剣を失った俺に湖の騎士シャマルからクラールヴィントが貸し出され、烈火の剣精アギトが装備化。夜の王女である月村すずかが護衛に付き、聖騎士アナスタシアが警備を任された。

鉄槌の騎士ヴィータがのろうさとして参戦、守護獣ザフィーラがお供に入り、シュテルが参謀として加わる。単独行動を固く禁じられ、厳戒態勢が敷かれた。


そして肝心のユーリとナハトについて――


「ナハトヴァールの様子はどうだ」

「……寝起きから私にべったりです、お父さん」

「ぎゅー」

「朝昼晩、始終抱きつかれているのか!? 蒼天の書が奪われた前後からこの調子だとすると、やはり愛情だけでひっつかれているとは思えんな。
以前も異教の神ガルダに狙われていた時、ナハトが睨みをきかせていてくれたそうだからな……本能でお前が狙われていることを察しているのかもしれないな」

「仮に私を狙っている犯人が蒼天の書を奪った犯人と同一人物であるとすると、蒼天の書が闇の書であることを知っているということになりますね」

「しかも、お前達があの本にいた事も分かっている人物だ。心当たりはあるか?」

「ありません――と断言したいのですが、私達はお父さんの法術により確定した存在。夜天の魔導書の中で眠っていたシステムです。
仮初の存在である以上、過去の記憶もまた不確定。必ずしも無いとは、言い切れません」

「長い歴史のある魔導書らしいからな……問題点も多くあったと聞いているし、システムだったお前達の記憶に欠落が生じても無理はないか」


 夜天の魔導書と闇の書、二つの呼称の違いについてヴィータ達は覚えていないと言っていた。クロノ達の調査で、闇の書には大きな欠陥がある事も判明している。
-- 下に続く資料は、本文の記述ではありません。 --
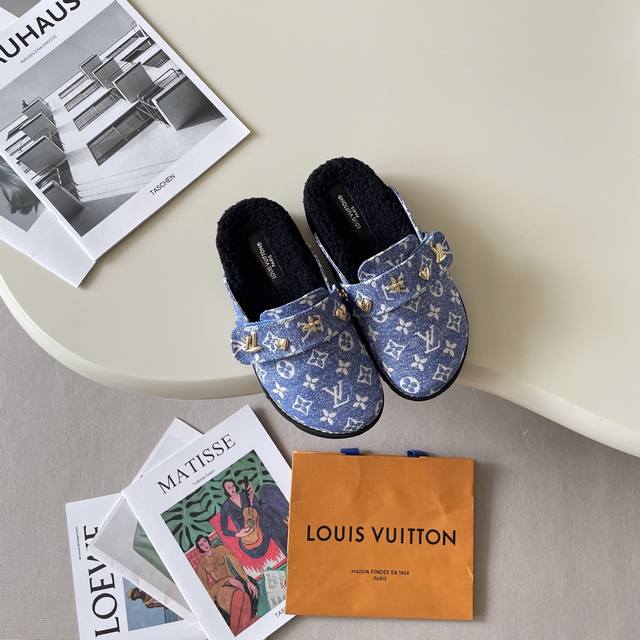 Fleece-lined Louis Vuitton 2025 Boutique Limited Edition for Couples DDD New Official Release Exclusive First Launch Louis Vuitton Lv 25S Printed Bag Toe Slippers Lv Slippers Half Slippers Lv Half Slippers Fleece-lined Half Slippers DDD Hot Search on Xiaohongshu Celebrity Style DDD 25S Autumn/Winter Couple Slippers DDD Original Label and Box Correct Version DDD Custom Printed Upper DDD Lining: Leather Lining Fleece Lining DDD Original Hardware Buckles DDD Private Label Genuine Leather Outsole DDD Full Boutique Packaging DDD Size: 35-45 Couple Sizes DDD
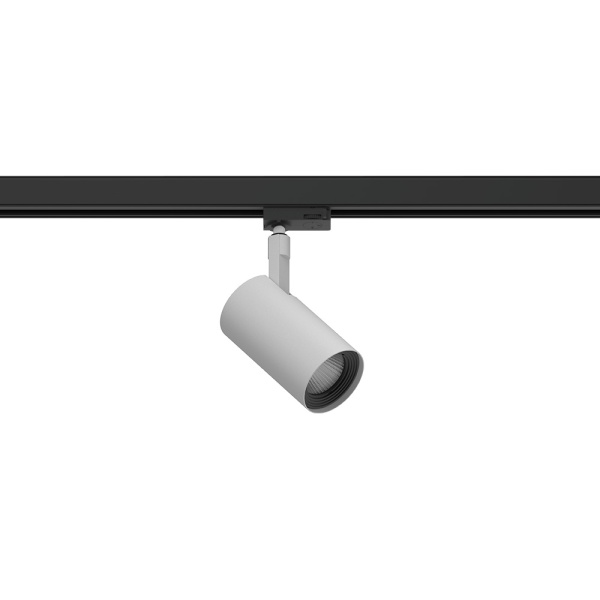 Proyector de carril trifásico de 230 V para uso en interiores, con proyección de luz ajustable. Cuerpo de aluminio con posibilidad de pintar en diferentes colores.
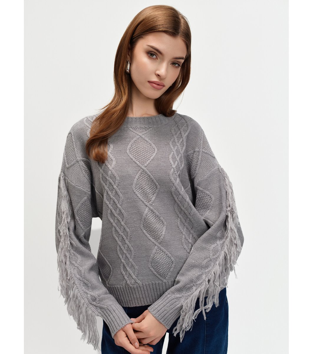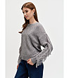 Pulover gri cu franjuri și dantelă
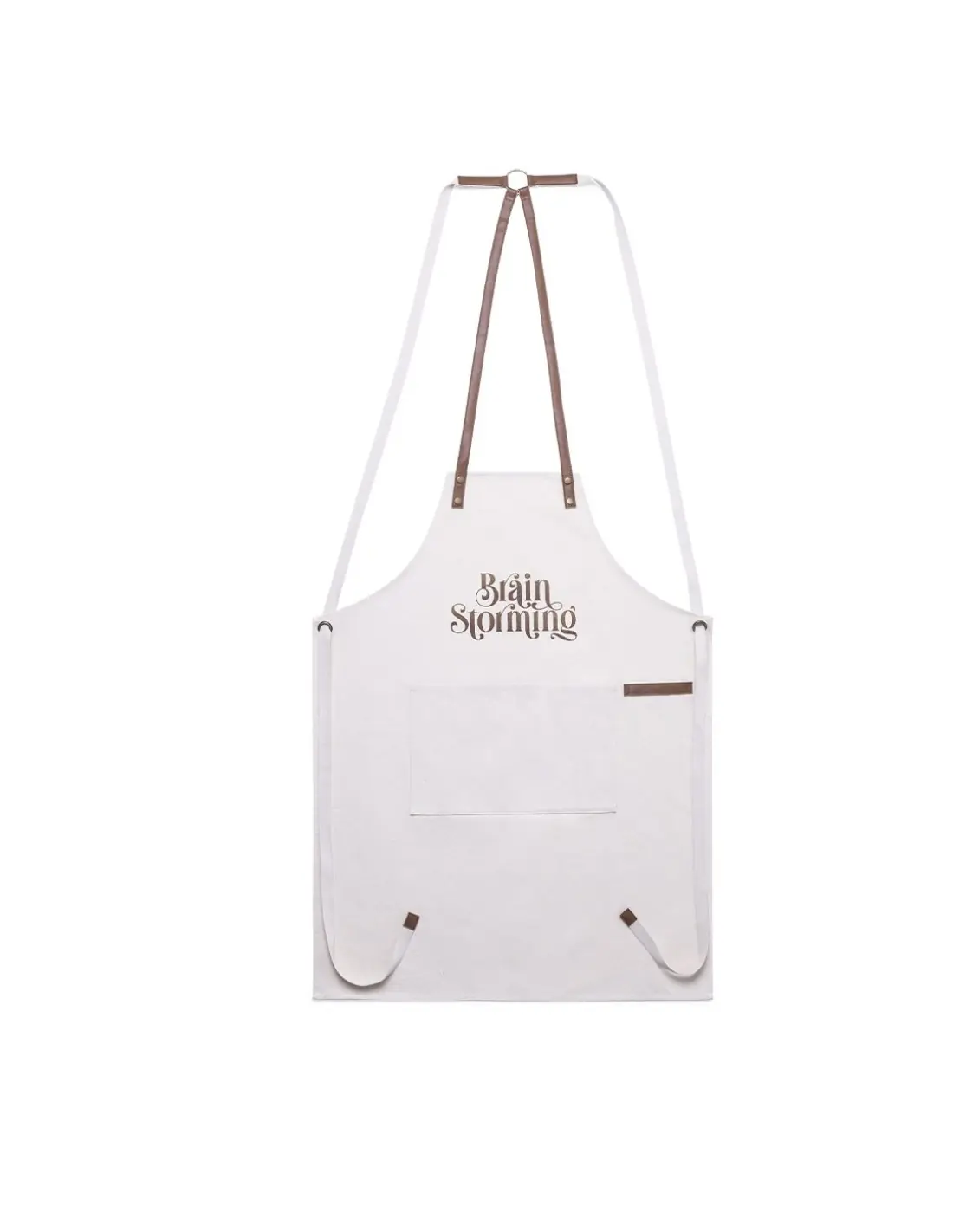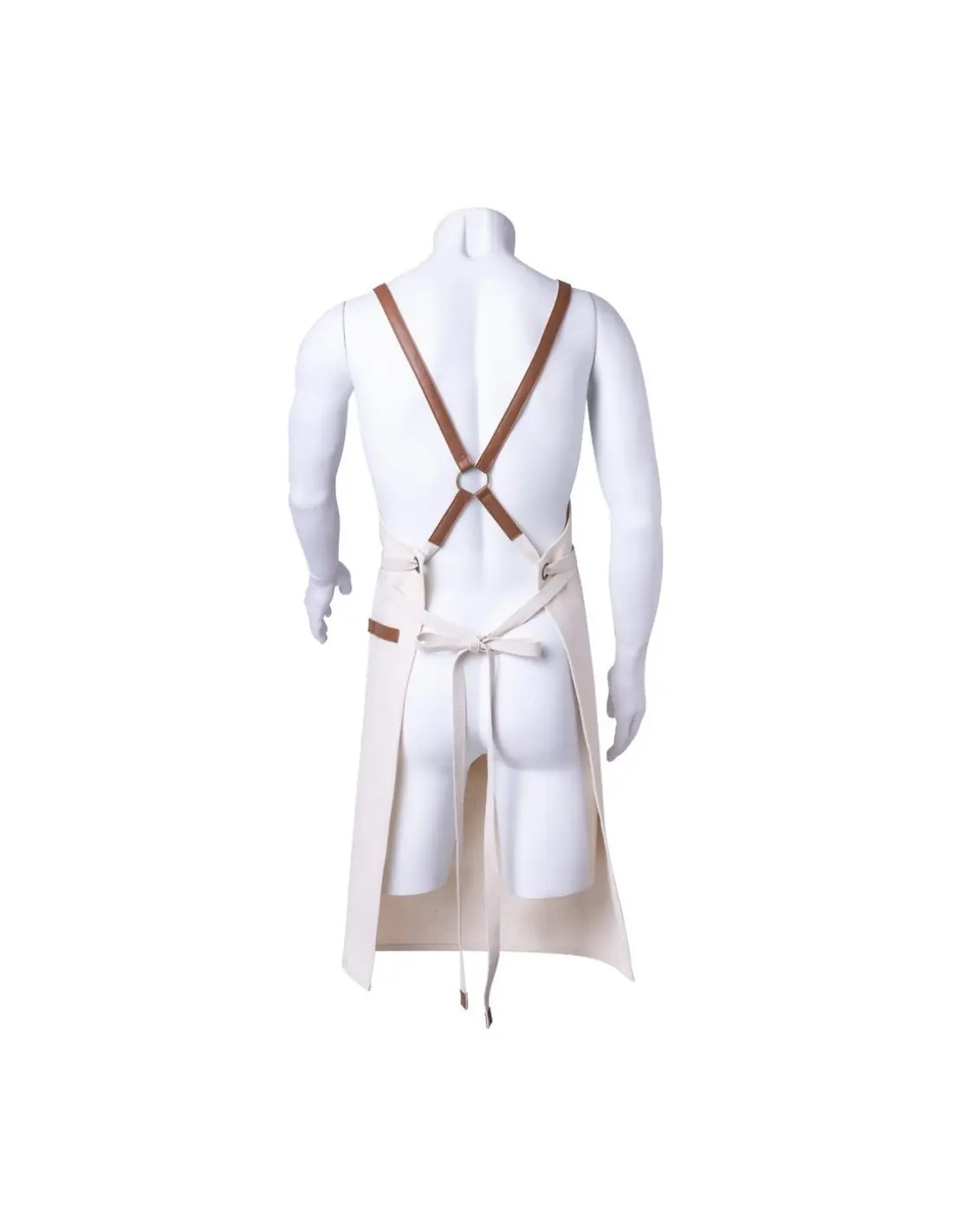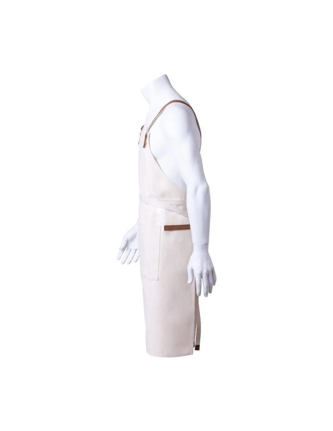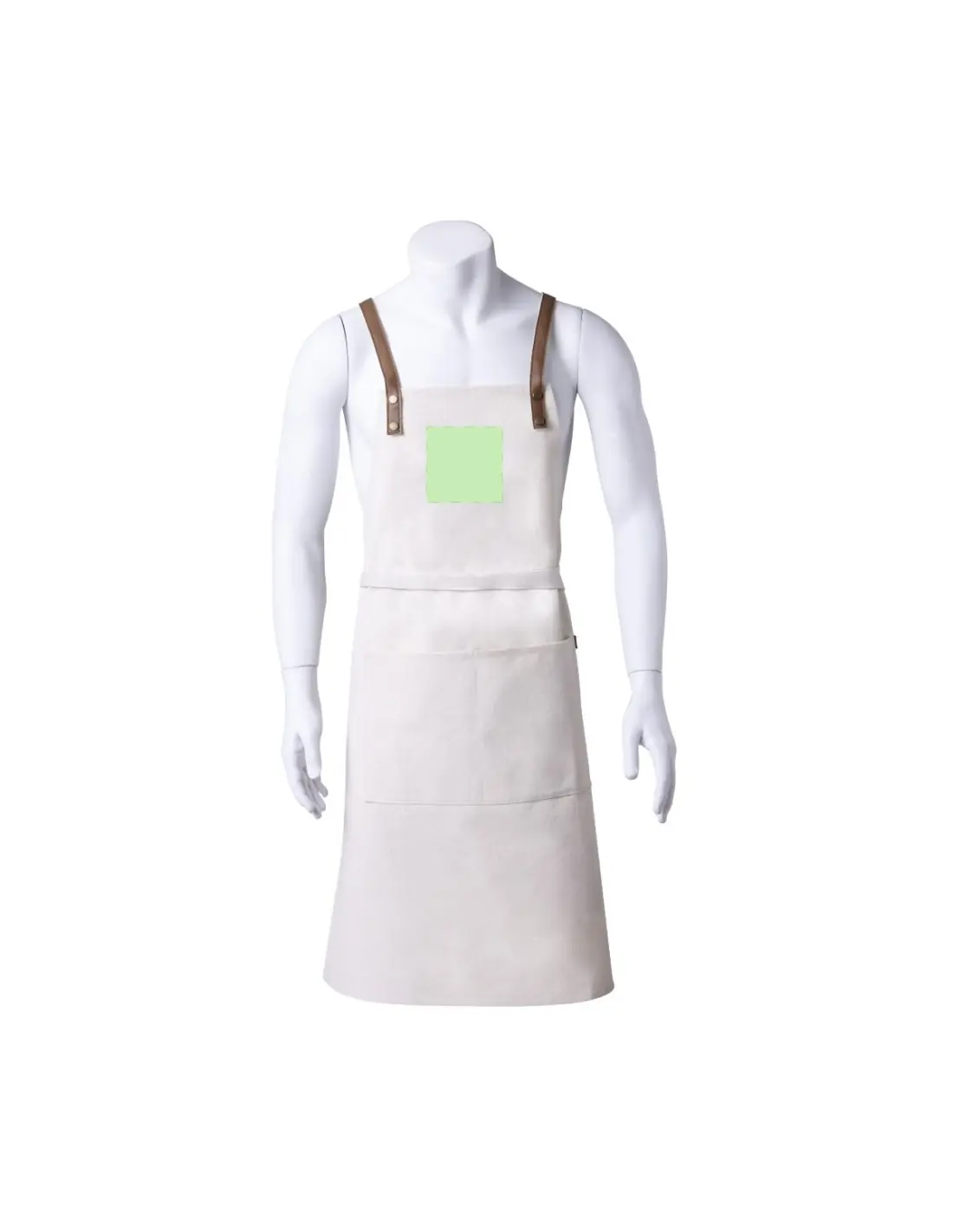 Delantal de alta calidad en resistente material 100% algodón canvas de 340g/m2, con costuras reforzadas. De corte por debajo de la rodilla, con cintas en resistente polipiel y triple ajuste: cuello, espalda y cintura. Con bolsillo frontal, accesorio en polipiel y remaches metálicos de refuerzo.

法術で改善されたとは言え、魔導書が修理されたのではない。俺自身制御できないこの能力によって、ユーリ達がどういう影響下にあるのか分かっていないのだ。

もしも犯人側が闇の書について詳しい事実を知っていた場合、捕らえれば法術に関連する事実も判明するかもしれない。因果関係が分かれば、能力の解明にも繋がる。


いずれにしても、ユーリ達から犯人に対する情報は得られそうになかった。


「ナハトヴァールを連れて、私も一緒に行きます。もしも私が本当に狙われているのであれば、忍さんの家にいるのはご迷惑になるかもしれませんので」

「忍は気にしないだろうが、相手は聖王教会騎士団を壊滅できる戦力を保有している。同一犯であれば、海鳴で大規模戦闘が起こる危険性があるな。
分かった、俺と一緒に来い。敵の狙いが判明するまで、家族で一緒に行動しよう」

「お父さんは強いので必要ないでしょうけれど、頑張って私もお父さんを守ります!」


 期待をかけられているのに申し訳ないが、剣まで失った俺はほぼ戦力外である。堅牢鉄壁なユーリがいてくれて安心なのは、むしろ俺であった。情けない。
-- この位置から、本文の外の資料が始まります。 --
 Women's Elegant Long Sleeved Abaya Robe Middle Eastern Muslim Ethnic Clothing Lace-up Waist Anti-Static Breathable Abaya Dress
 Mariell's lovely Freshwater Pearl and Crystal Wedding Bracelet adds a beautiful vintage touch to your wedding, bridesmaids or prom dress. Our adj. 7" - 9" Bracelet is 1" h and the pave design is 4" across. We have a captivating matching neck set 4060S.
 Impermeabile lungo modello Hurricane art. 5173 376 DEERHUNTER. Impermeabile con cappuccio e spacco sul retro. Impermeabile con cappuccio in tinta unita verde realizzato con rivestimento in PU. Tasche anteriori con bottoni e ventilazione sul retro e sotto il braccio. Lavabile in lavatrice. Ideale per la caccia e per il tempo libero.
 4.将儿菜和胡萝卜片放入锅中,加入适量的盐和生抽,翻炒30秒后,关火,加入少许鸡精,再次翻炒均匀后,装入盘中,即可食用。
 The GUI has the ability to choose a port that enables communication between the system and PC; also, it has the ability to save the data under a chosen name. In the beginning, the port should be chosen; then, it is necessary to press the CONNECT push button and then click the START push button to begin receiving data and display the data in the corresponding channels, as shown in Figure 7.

ともあれこうした精鋭を連れて、入国管理局で聖地への手続きが完了。白旗の一員である忍や那美は学業優先だが、事件による幽霊や魔物の影響も考えて様子を見に来ると言っていた。

高町なのはにはクロノ達から連絡が届いている。戦闘は性格面から大の苦手なあいつだが、守りについては鉄壁である。はやての様子を見てくれるらしい、ありがたい事だ。


そして手続きを終えて、クロノ達のチームより優秀な捜査官が派遣された。


「久しぶりの子供モードだな、"ルーテシア・アルピーノ"」

「隊長達も後方支援に付いてくれている。情報共有しながら、今回の事件について捜査を進めていこう」


 メガーヌ捜査官は時空管理局側の人間だが、白旗の一員として聖王教会側より捜査の許可が下りた。聖地における戦乱で大きな貢献をした成果が大きい。
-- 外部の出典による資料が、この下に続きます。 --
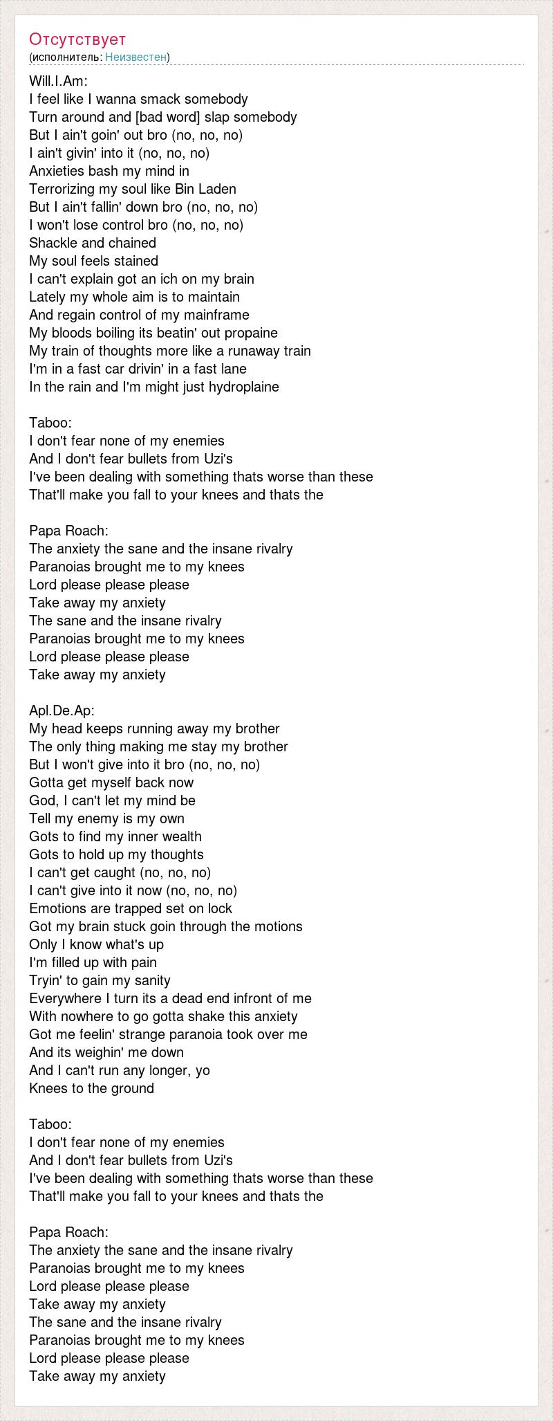 Will.I.Am: I feel like I wanna smack somebody Turn around and [bad word] slap somebody But I ain't goin' out bro (no, no, no) I ain't givin' into it (no, no, no) Anxieties bash my mind in Terrorizing my soul like Bin Laden But I ain't fallin' down bro (no, no, no) I won't lose control bro (no, no, no) Shackle and chained My soul feels stained I can't explain got an ich on my brain Lately my whole aim is to maintain And regain control of my mainframe My bloods boiling its beatin' out propaine My train of thoughts more like a runaway train I'm in a fast car drivin' in a fast lane In the rain and I'm might just hydroplaine Taboo: I don't fear none of my enemies And I don't fear bullets from Uzi's I've been dealing with something thats worse than these That'll make you fall to your knees and thats the Papa Roach: The anxiety the sane and the insane rivalry Paranoias brought me to my knees Lord please please please Take away my anxiety The sane and the insane rivalry Paranoias brought me to my knees Lord please please please Take away my anxiety Apl.De.Ap: My head keeps running away my brother The only thing making me stay my brother But I won't give into it bro (no, no, no) Gotta get myself back now God, I can't let my mind be Tell my enemy is my own Gots to find my inner wealth Gots to hold up my thoughts I can't get caught (no, no, no) I can't give into it now (no, no, no) Emotions are trapped set on lock Got my brain stuck goin through the motions Only I know what's up I'm filled up with pain Tryin' to gain my sanity Everywhere I turn its a dead end infront of me With nowhere to go gotta shake this anxiety Got me feelin' strange paranoia took over me And its weighin' me down And I can't run any longer, yo Knees to the ground Taboo: I don't fear none of my enemies And I don't fear bullets from Uzi's I've been dealing with something thats worse than these That'll make you fall to your knees and thats the Papa Roach: The anxiety the sane and the insane rivalry Paranoias brought me to my knees Lord please please please Take away my anxiety The sane and the insane rivalry Paranoias brought me to my knees Lord please please please Take away my anxiety

海鳴から聖地へ転移、この時点でディアーチェが早速現地へ乗り出して、人々の前に立った。事件そのものは表沙汰になっていないが、噂というのは広まるものだ。

根も葉もない噂だと人々の口を閉ざそうとせず、何があろうと問題ないのだと人々を奮い立たせる。圧倒的なカリスマ性に、人々の不安や恐怖があっという間に晴れていった。


頼もしき我が子に任せて、俺達は聖王教会の総本山へと向かった。


「お待ちしておりました、陛下。此度の事、申し開きもございません。
お留守を任されておきながら、陛下の所有物を奪われる不始末。全ての責任は、私にあります」

「予言者だからといって、聖女様に責任を押し付けるつもりはありません。どうぞ、お顔をあげて下さい」


 聖女カリム・グラシア、麗しき預言者に突然頭を下げられて、俺は慌てて取りなした。いくら何でも、彼女に責任問題を投げかけるつもりはない。本来であれば、俺は雇われの身である。

出来れば事前に聖王教会の現状を把握しておきたかったのだが、教会通の娼婦は腰痛なんぞという理由で欠席している。あいつは常に、どこかを痛める病気にでもかかっているのだろうか。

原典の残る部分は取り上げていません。